What looked too good to be true ended up being just that,

as Bitconnect has all but closed its doors. Long accused of being a Ponzi-scheme, Bitconnect shut down its cryptocurrency exchange and lending service this week. As stated on their website, Bitconnect had received cease and desist letters from two American securities regulators – leading to the closure of their lending and exchange platforms. Still, Bitconnect will continue to run its website and wallet service.

Sketchy ‘Ponzi’ offerings

Since its inception in January 2017, many were skeptical about Bitconnect services. In essence, one needed to send Bitconnect Bitcoin in exchange for Bitconnect Coin (BCC) on their exchange. Once you had BCC, you were guaranteed “up to 120 percent return per year.” Users were told they were earning interest by holding their coin “for helping maintain the security of the network.”

Lending platform

Bitconnect’s lending platform is what really led to accusations of a Ponzi scheme, as well as cease and desist orders from regulators. As the above illustration explains, users bought BCC with Bitcoin and then lent out their BCC on the Bitconnect lending software. Users would receive varying percentages of interest depending on the amount of BCC they had lent. Add in the referral system seen in many other Ponzi schemes and the fact that the operation was run anonymously; it's hardly surprising that this whole endeavor has ended in tears.

The lending scheme was the main draw card of Bitconnect because of its huge promise of returns. In order to participate in the scheme, you had to buy BCC – which saw the token hit an all-time high of $437.31 per BCC before it plummeted in value following the closure this week. That being said, the cryptocurrency is still alive and trading at around $35 at the time of writing.

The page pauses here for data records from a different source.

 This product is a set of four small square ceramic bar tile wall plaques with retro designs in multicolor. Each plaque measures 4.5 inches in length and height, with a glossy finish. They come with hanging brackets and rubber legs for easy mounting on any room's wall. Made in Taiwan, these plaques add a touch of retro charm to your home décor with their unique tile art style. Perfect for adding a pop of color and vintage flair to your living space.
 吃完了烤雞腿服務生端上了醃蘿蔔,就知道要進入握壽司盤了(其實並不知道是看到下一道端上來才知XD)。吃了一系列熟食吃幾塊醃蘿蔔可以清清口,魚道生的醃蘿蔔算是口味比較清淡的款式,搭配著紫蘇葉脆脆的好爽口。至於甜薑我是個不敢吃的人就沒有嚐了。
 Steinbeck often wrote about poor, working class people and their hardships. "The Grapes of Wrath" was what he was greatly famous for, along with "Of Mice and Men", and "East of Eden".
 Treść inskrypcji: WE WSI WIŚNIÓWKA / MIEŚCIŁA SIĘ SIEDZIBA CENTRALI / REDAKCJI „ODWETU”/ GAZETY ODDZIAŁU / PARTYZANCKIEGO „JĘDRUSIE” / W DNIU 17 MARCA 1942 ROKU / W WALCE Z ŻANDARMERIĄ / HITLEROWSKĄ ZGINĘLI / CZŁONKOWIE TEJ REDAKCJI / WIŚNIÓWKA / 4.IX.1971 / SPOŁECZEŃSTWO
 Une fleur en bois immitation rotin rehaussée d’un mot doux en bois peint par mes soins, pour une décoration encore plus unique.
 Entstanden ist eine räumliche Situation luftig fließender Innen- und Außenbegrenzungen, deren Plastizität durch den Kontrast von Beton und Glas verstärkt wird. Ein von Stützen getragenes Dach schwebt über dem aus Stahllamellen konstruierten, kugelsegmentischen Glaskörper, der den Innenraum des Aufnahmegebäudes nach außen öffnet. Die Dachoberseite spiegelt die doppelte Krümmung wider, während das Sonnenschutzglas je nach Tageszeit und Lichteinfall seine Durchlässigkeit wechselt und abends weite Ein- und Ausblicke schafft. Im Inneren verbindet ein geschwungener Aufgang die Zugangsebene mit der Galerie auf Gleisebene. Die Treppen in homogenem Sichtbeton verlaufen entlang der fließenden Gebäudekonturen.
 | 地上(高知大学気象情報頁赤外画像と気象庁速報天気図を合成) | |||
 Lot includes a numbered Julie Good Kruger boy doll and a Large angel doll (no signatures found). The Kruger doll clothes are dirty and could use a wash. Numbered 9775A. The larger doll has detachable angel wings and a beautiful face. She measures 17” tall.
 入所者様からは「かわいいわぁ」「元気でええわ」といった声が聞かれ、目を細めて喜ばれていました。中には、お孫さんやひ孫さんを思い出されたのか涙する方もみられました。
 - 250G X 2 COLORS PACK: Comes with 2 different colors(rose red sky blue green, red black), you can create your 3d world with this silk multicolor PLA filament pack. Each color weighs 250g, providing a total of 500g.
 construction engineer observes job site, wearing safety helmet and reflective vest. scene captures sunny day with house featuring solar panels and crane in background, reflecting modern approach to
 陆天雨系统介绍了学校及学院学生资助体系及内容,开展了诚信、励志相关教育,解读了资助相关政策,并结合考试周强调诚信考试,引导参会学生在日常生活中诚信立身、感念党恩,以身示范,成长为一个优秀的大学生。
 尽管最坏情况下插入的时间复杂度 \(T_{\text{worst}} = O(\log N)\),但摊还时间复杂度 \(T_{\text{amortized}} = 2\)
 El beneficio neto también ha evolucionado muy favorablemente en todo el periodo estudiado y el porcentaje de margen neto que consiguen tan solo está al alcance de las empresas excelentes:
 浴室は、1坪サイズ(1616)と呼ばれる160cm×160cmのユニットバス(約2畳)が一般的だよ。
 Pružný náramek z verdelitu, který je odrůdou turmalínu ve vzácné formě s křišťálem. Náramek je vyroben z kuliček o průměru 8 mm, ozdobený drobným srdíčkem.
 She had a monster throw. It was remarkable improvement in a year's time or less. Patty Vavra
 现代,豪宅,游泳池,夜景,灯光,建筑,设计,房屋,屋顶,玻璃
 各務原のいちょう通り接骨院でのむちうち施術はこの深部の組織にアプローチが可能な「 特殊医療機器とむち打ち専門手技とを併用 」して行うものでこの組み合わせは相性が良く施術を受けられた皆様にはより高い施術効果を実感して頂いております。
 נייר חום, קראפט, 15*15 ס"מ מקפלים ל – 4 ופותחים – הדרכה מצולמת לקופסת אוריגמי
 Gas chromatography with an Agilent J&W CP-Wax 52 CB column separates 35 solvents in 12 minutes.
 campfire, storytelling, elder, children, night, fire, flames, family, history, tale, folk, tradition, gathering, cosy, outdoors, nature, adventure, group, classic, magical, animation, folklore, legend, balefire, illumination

Social media burns Bitconnect

Following Bitconnect’s closure, social media was abuzz with sentiments of ‘I told you so.’ TenX co-founder Julian Hosp highlighted the fact that BCC was still trading as

a real head-scratcher.

Everything that's wrong with crypto in one picture!
— Dr. Julian Hosp

Francis Pouliot shared a hilarious video of a Bitconnect meet which had been slightly

dubbed over.

People invested billions of dollars in this
(This video is actually hilarious recommended for memephiles) 

— Francis Pouliot

American cartoonist Spike Trotman shared one of the most entertaining and eerily accurate predictions back in September 2017, postulating that Bitconnect was indeed a Ponzi scheme. Her latest tweet is a screenshot of the Bitconnect Reddit page, with subreddits for a suicide hotline as well as a massive legal action megathread. Do yourself a favor and take a look at Iron Spike’s full threat on Bitconnect –

it’s brilliant.

The current state of the Bitconnect subreddit is truly a thing to behold.

Rodolfo Novak shared a photo of the monumental collapse in price of Bitconnect from Coinmarketcap, highlight the moment the Ponzi scheme hits

‘exit time.’

This is what a real ponzi looks like at the scam exit time.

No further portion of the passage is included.